The Protecting Access to Medicare Act (PAMA), which will go into effect on January 1, 2020, requires all healthcare institutions serving Medicare patients to implement electronic clinical decision-support systems. In practice, PAMA will require clinicians to reference appropriate use criteria using CDS software when ordering advanced diagnostic imaging studies for Medicare patients for those exams to be reimbursed.
"The implementation of imaging clinical decision support and its impact on ordering behaviors offers a ripe opportunity to explore decision science and utilization in the field of imaging," said presenter Dr. Jessica Fried of the Hospital of the University of Pennsylvania in Philadelphia.
Seeking to identify opportunities to improve the use of radiology CDS software, the researchers initially piloted CDS at their institution in "silent mode"; clinicians were prompted to choose a study indication from a drop-down menu when ordering advanced imaging studies, but they were not given feedback on their order.

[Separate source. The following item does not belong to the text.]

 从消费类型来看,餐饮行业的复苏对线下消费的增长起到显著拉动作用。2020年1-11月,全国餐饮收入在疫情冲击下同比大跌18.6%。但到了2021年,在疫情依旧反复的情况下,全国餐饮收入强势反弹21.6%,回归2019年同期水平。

The researchers determined that successful implementation of imaging CDS systems is predicated upon context-relevant mapping of indications to the appropriate use criteria. In addition, it's critical to understand local, regional, and practice-level variation in how and why clinicians order advanced diagnostic imaging exams to design efficient interactions with the imaging CDS software, Fried said.

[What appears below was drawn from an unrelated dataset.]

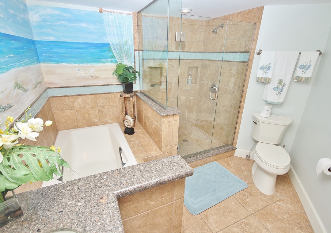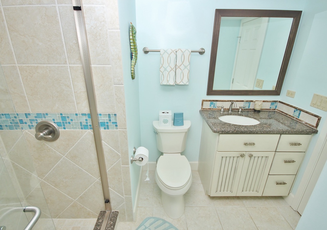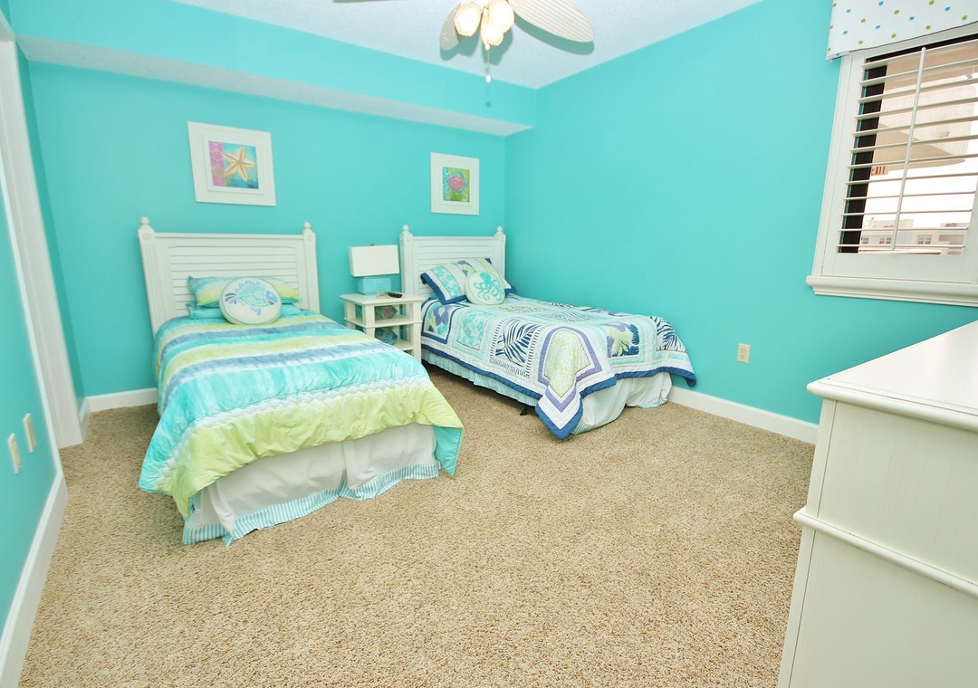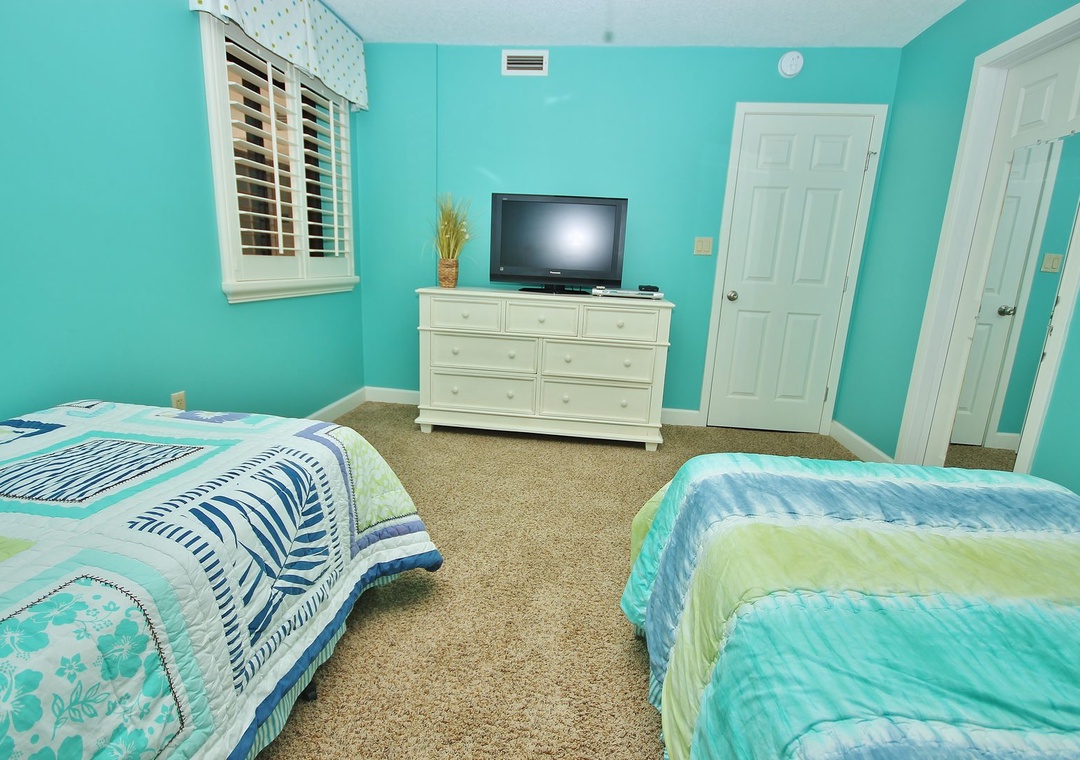 The second bedroom offers two twin-sized beds. Your guests will enjoy the television and comfortable furnishings. This bedroom also features an additional bathroom with a beautiful walk in shower. Bed linens and towels are provided for all guests to use during your stay.

"Our study demonstrated that if given the opportunity, a significant proportion of clinicians in our system preferentially entered free-text responses instead of providing structured indications, even if their desired indication was a mapped selectable criterion from a structured menu," she told AuntMinnie.com. "These findings will guide next steps in our implementation of imaging CDS at our institution as we work with our vendor to optimize the delivery for our health system enterprise."
This paper received a Roadie 2018 award for the most popular abstract by page views in this Road to RSNA section.